3) Once we have this how we want it click Save.

Right now there is nothing in Lambda it needs to execute at least once to be created. To do this we can just click the Test button.

I now go back into Lambda console and I can see an extra function as shown in the below image.

Now lets dive into this function and look at how it has been configured.
You will notice that there is an abx_wrapper.js file that is wrapping the script we entered which is named client_main.js

What we can also see is a folder called VMW_system_dependancies which has common modules for in this case node js.

Moving down the page we can see that it has chosen a role to use. My account has 5 different lambda roles and it appears to just automatically choose the first one available. It also configures it with “No VPC” this is fine for just using internet connectivity but it can not directly connect to anything configured within a VPC.

There is at the time of writing this no way to choose this through Cloud Assembly. But you can come into lambda and make these changes and the action will still work. Just be warned if you make a change with the action in Cloud Assembly and save it, any changes made manually will be reverted.

SO….This is cool you say, but what if I wanted to do something more advanced that required custom modules or ones not provided by default?

Good news you can.

When we go to create the action we choose Import Package and then choose an entry point.

In this example I will use a function that SSH’s into a server to run a command.

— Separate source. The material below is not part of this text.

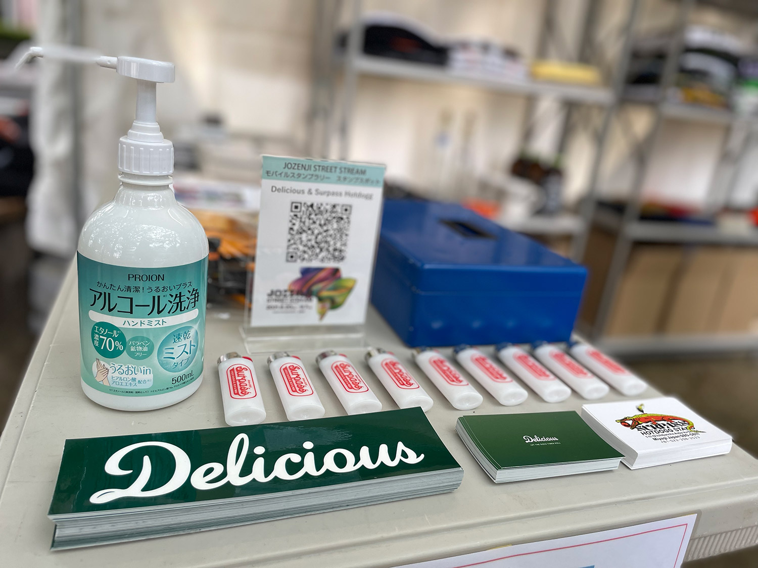 Deliciousブースには、Tシャツ類はもちろん、小物アイテムも充実してます。お店さながらの豪華な商品ラインナップ。お気に入りの1着が見つかると思います。店舗とハシゴしても、お買い物が楽しめますね。期間限定ブースですので、是非お立ち寄りを・・・

Which requires “simple-ssh” module. I Have written this in vscode.

I then zip up the contents which includes my index.js, node-modules and in this case the ssh pem file used to authenticate.

We then set the entry point. This needs to be the file.function so in my case it is index.handler. This will tell the abx wrapper script what it needs to reference.
Now once we import and save lets have a look on the back end.

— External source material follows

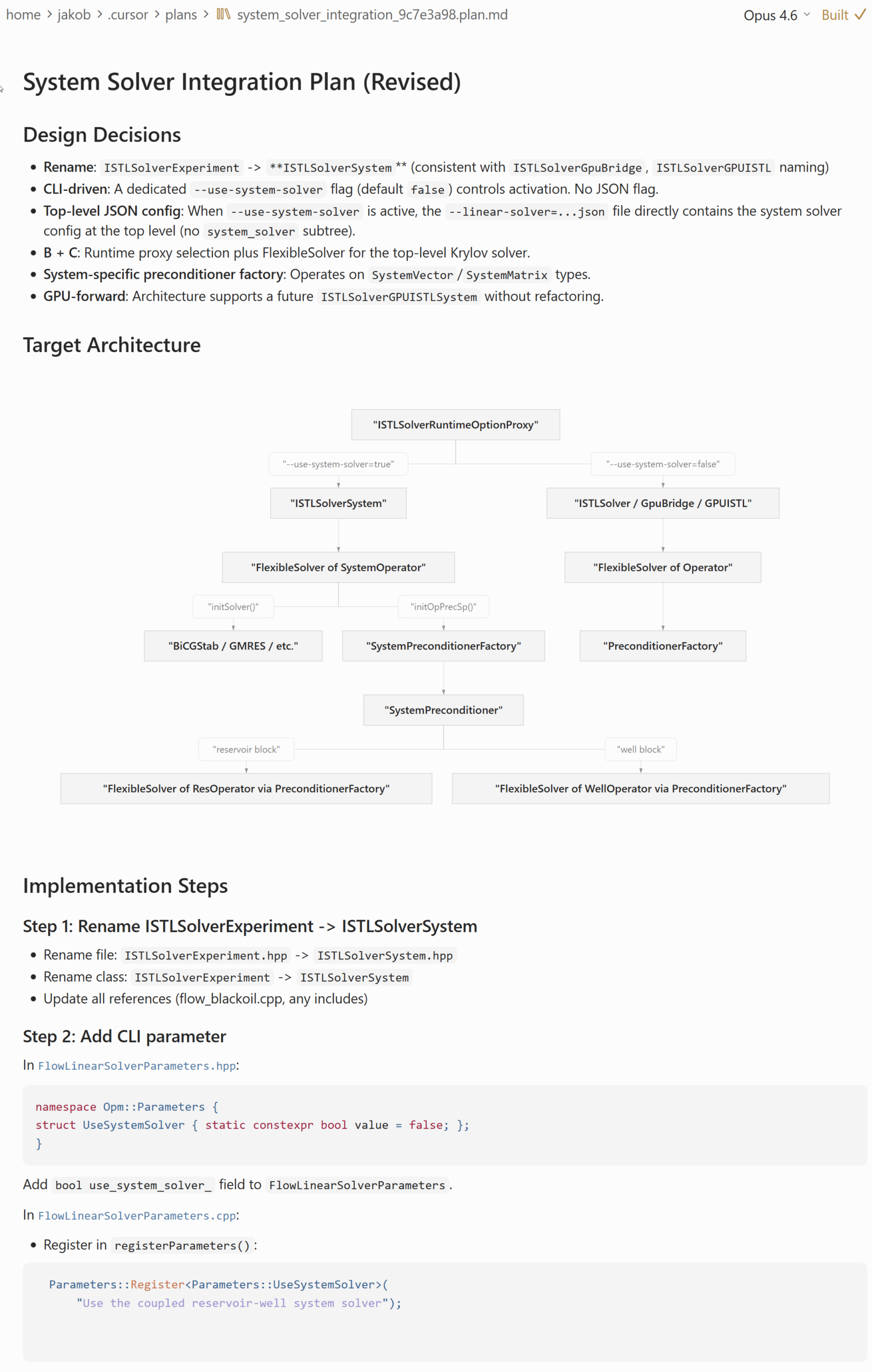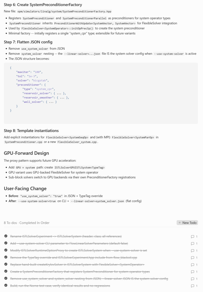 Figure 2. The agent’s workspace during planning and implementation of the OPM Flow refactoring task. On the left is the proposed integration plan and target architecture; on the right are later implementation steps, design notes, and the completed task list. The figure shows that the agent is not just generating code, but working through a structured sequence of planning, execution, and verification.

As you can see from the below image the functions has all my files too. Has my node-modules, it has the pem file, index.js and the package.json files.

Lets now have look at the run through Cloud Assembly.

Woohoo As we can see ls -al was run and gives me back the output.

So now the $100 question… We now have vRO and Lambda at our disposal which should you use?
This luckily pretty simple for most enterprises vRO will still be the most used. It is also agnostic, I can from vRO hit any machine or service on any platform I have connecting into my environment. If your running CMDB on premise then you would use vRO to do that integration.

However if your only provisioning to AWS and your 3rd party integrations are with SaaS based services ABX is the way forward.

Hope you enjoyed this little peak behind the scenes.